Provided data Start Marker

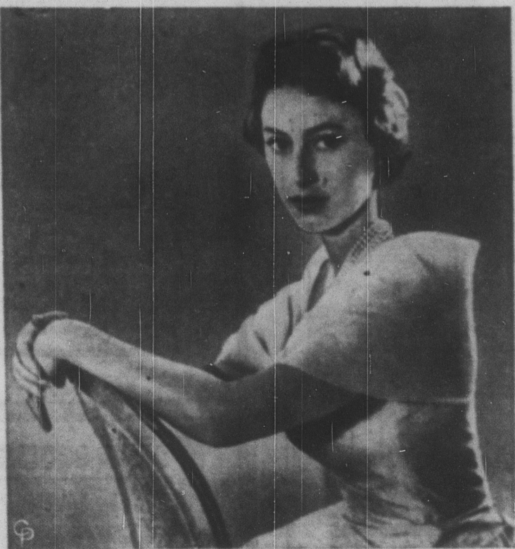
PRINCESS MARGARET of Great Britain poses in Clarence Home, her London home, for this 25th birthday portrait. In royal circles, a princess "comes of age" when she is 25, a circumstance certain to cause much speculation concerning her future romantic decisions.

DO BUSINESS where BUSINESS IS BEING DONE!
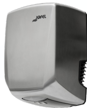
AA57500 8427950367540 Satin stainless steel finish
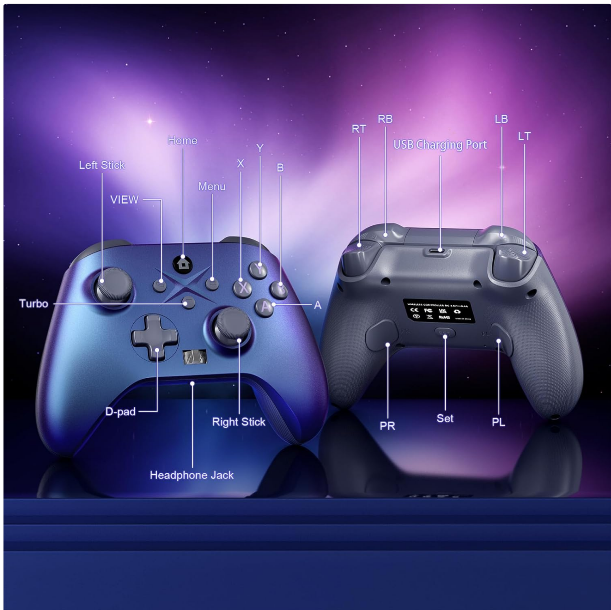
Image: A detailed diagram labeling the Left Stick, VIEW button, D-pad, Headphone Jack, Turbo button, Home button, Menu button, X, Y, A, B buttons, Right Stick, RB (Right Bumper), RT (Right Trigger), USB Charging Port, LB (Left Bumper), LT (Left Trigger), PR (Programmable Rear Left Button), Set button, and PL (Programmable Rear Right Button).

Provided data End Marker

■ What the exercise asks
Scan the material above for lines holding the string "Home" and copy those lines.

■ Solution for this task
PRINCESS MARGARET of Great Britain poses in Clarence Home, her London home, for this 25th birthday portrait. In royal circles, a princess "comes of age" when she is 25, a circumstance certain to cause much speculation concerning her future romantic decisions.
Image: A detailed diagram labeling the Left Stick, VIEW button, D-pad, Headphone Jack, Turbo button, Home button, Menu button, X, Y, A, B buttons, Right Stick, RB (Right Bumper), RT (Right Trigger), USB Charging Port, LB (Left Bumper), LT (Left Trigger), PR (Programmable Rear Left Button), Set button, and PL (Programmable Rear Right Button).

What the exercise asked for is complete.